The flexibility of HOF derives from the abstractions of image type and category. The use of these abstractions allows selecting processing patterns for large classes of images. For example, in MGA, images in the category “perfusion map” can be generated from DSC data using an in-house analysis tool. However, equivalent (but quantitatively different) “perfusion maps” may be generated by alternative commercial packages. The abstraction of category provides a formal basis for integration, co-registration and comparison of such derived maps obtained with alternative processing schemes. In addition, the ability to use images within the same type or category interchangeably allows MGA to complete analyses in certain cases of incomplete or missing data.

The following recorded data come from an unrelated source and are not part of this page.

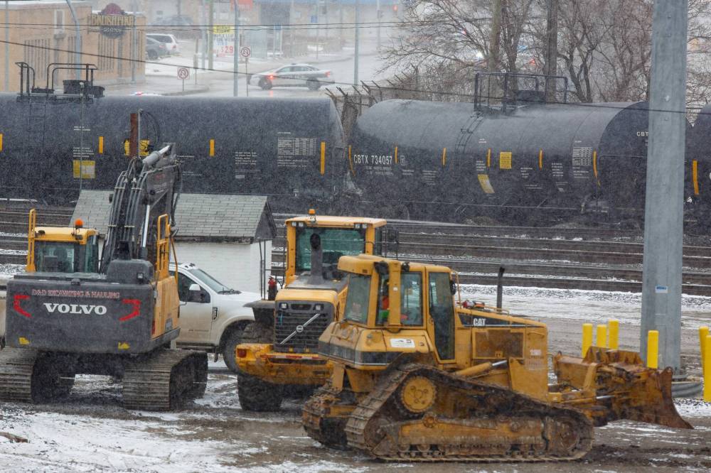 A hazardous material team and drone were used to assess the site, where it was found the cars were carrying bitumen — an asphalt oil product. The material is not hazardous and not easily flammable and there does not appear to be any leaking out of the cars, WFPS assistant chief Scott Wilkinson said.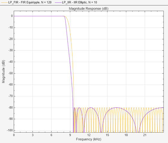 hFiltAnalyzer.addFilters(LP_IIR); hFiltAnalyzer.setLegendStrings(["FIR Equiripple, N = 120" "IIR Elliptic, N = 10"])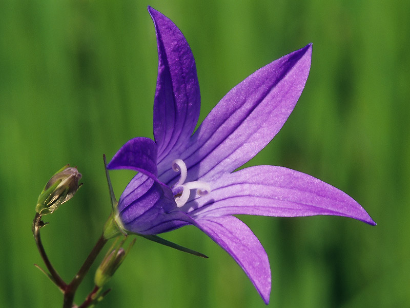Комментарий. Цветок колокольчика раскидистого (Campanula patula) на лесной поляне.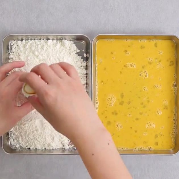 薄力粉をまぶした時と同じように、カネロニの先端にも卵をつけるようにしましょう!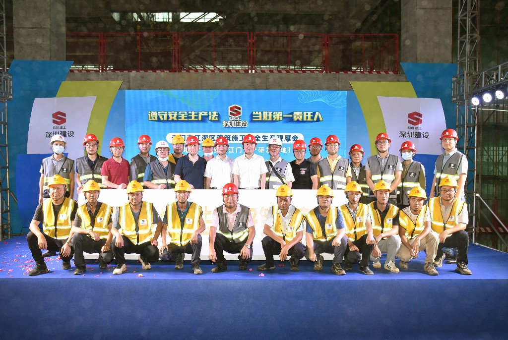 6月12日,江門市江海區(qū)建筑施工安全生產(chǎn)觀摩現(xiàn)場會(huì)在建設(shè)集團(tuán)承建的金多多江門生產(chǎn)研發(fā)基地項(xiàng)目舉行。江門市江海區(qū)住建局總工程師彭潔蕓、江門建筑業(yè)協(xié)會(huì)代理秘書長譚榮錚,阿麥斯江門金多多生產(chǎn)研發(fā)基地項(xiàng)目總經(jīng)理馬紅帆、副總經(jīng)理王曉琴,深圳建設(shè)集團(tuán)黨總支副書記石宏偉、副總裁李蕃榮、安全總監(jiān)余南華等出席活動(dòng)。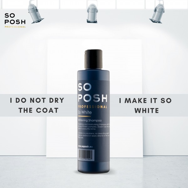 Bělící šampon. Vyživující a hydratující šampon s kokosovým olejem a komplexem proteinů. Nevysušuje srst a dodává jí krásný lesk.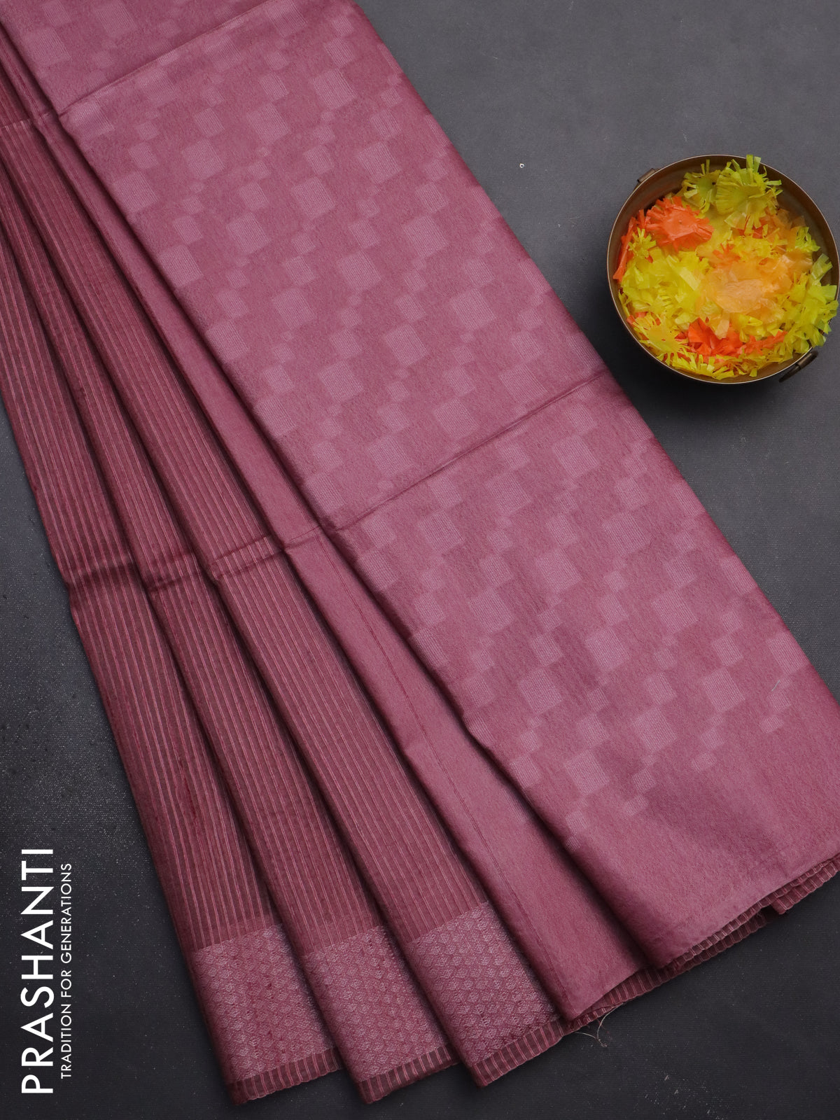 Semi bamboo saree pastel pink with allover stripes pattern and woven border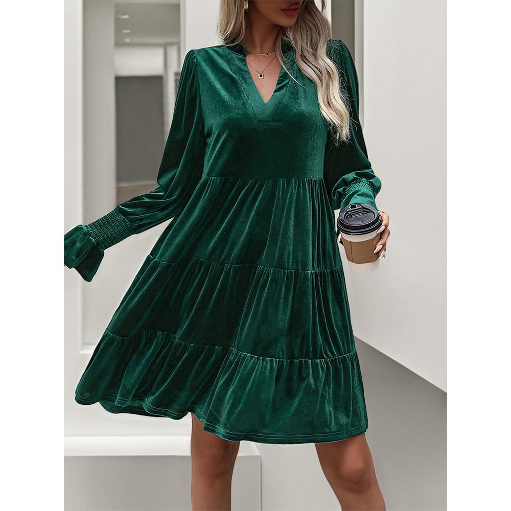 Women's Casual V Neck Long Sleeve Velvet Dress Fall Babydoll Dress Flowy Cocktail Wedding Party Shift Dresses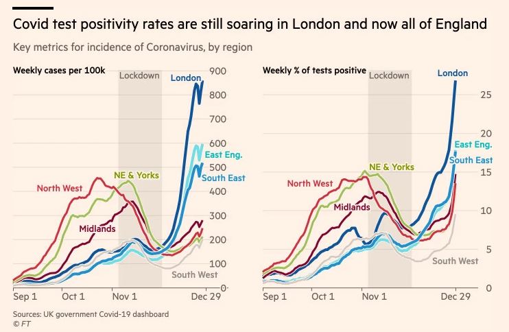 Morning! Just want to add my reflections before homeschooling We are clearly in a classic PCR driven casedemic We had a spike in March/April and now the governing classes are on a hair trigger But covid-19 seems to be now just a seasonal virus – just one of the 200 that go round and knock elderly people over the edge Ignoring PCR and looking at ZOE app data, March/April peak was 2.2 million infected (symptomatic). Currently its 700,000. Current new infections are levelling off. The R value peaked on 18th Dec and is trending down. I expect a peak in new daily infections in the second week of Jan. The number of infectious in society will peak 10 days later. This all agrees with peak overall mortality being 5th Jan and peak week mortality usually being second week of Jan. Through Jan and Feb infections will go down, false positives will go down, ‘pressure’ on the NHS will go down. As we come out of panic mode people will look at the data more objectively. There is no way that in the Summer after we look back and see nothing more than a normal winter season that predictions of next… Read more »

In the development of expert knowledge representations, it is extremely important to continually refine the heuristic statements used to configure core algorithms and use all possible data sources for pilot processing sets. We found that the validity of heuristic statements depends on the maturity of processing techniques and the availability of expertise. Maintaining heuristics generally becomes more challenging as the scope of automation becomes wider. Refining heuristics with each HOF development cycle and using different data sources allows for correction of failed assumptions concerning relevant imaging parameters for the broad range of expected input data sets.

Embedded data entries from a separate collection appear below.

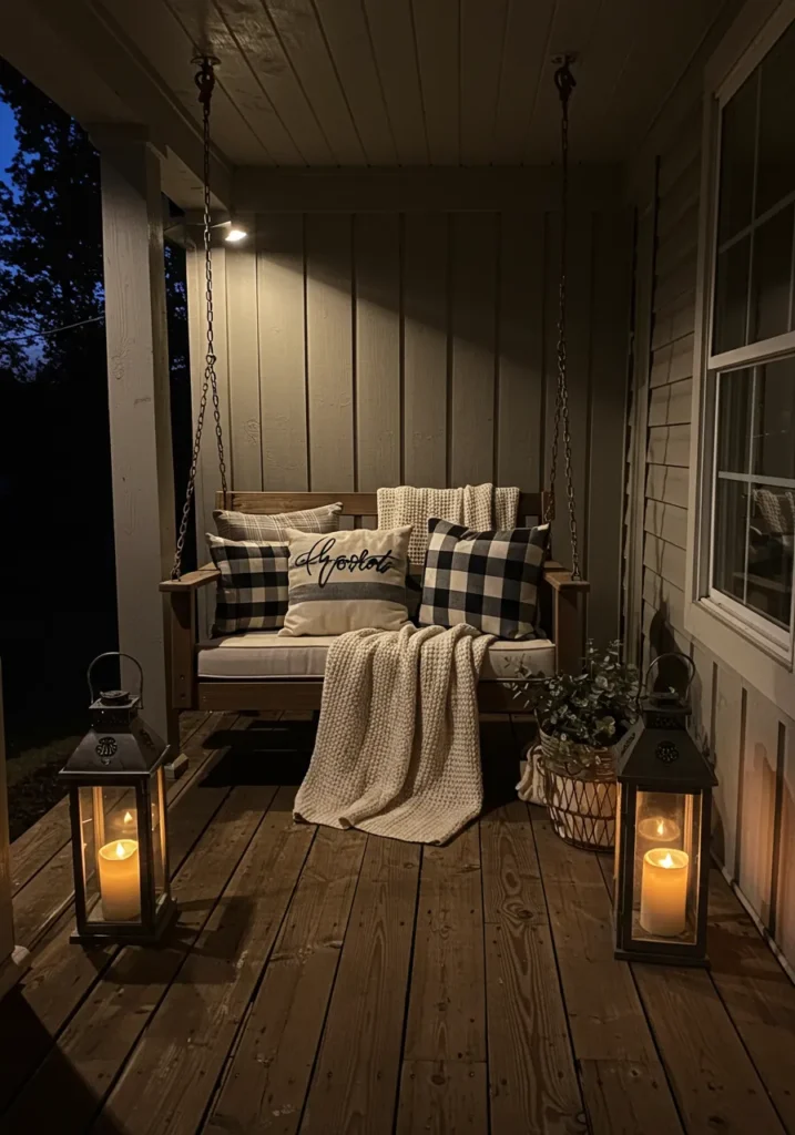 A wooden porch swing styled with plaid pillows and a chunky knit blanket sits under the soft glow of lanterns. The flickering candlelight makes the entire space feel like a snug little corner perfect for fall evenings.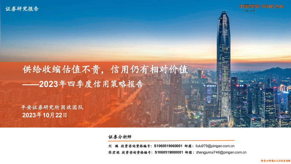 【平安证券】【20231022】2023年四季度信用策略报告:供给收缩估值不贵,信用仍有相对价值-31页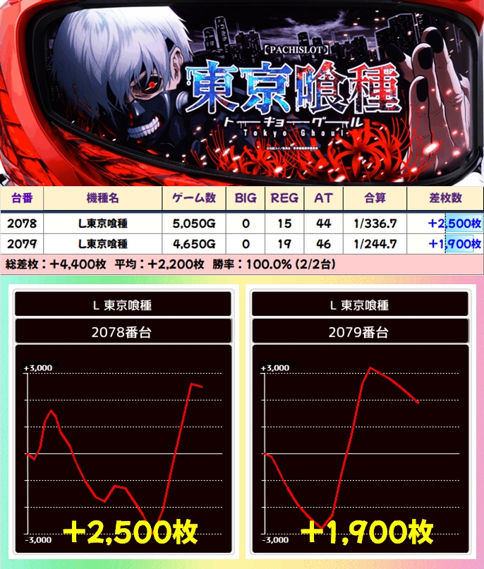 【2台並び】東京喰種(2078番台〜2079番台)→平均+2,200枚(2/2台+)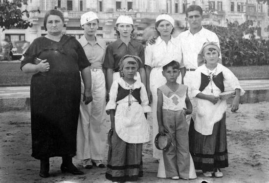 Crianças e jovens fantasiados, na praia do Gonzaga, em 1935/1940. A avó do remetente da imagem, na foto, é que confeccionava as fantasias dos filhos (exceto o rapaz à direita)

Since HOF development is governed by incremental processing of pilot CARS and assessing the rate of successful outcomes (as defined by a specific HOF implementation), it may also be beneficial to develop a formal representation of quality control procedure. Although such criteria are to large extent core algorithm specific, a data model similar to HOF knowledge representation (Section 2.5) can provide a theoretical ground in the future for designing such criteria in a general case.

Using HOF methods in MGA substantially accelerated analyses and added flexibility. In particular, the automated MGA processing can be rerun at relatively little expense in situations where manual reprocessing would have required substantial effort. This allowed our team to quickly adapt to new scanner and image processing technology, and also enabled quick customizations of MGA for ongoing research projects. In addition, the outcomes of automatic processing were easier to reproduce and compare, whereas manual data processing often required extra normalization steps, e.g., to resolve discrepancies in naming conventions between scanner operators and imaging groups.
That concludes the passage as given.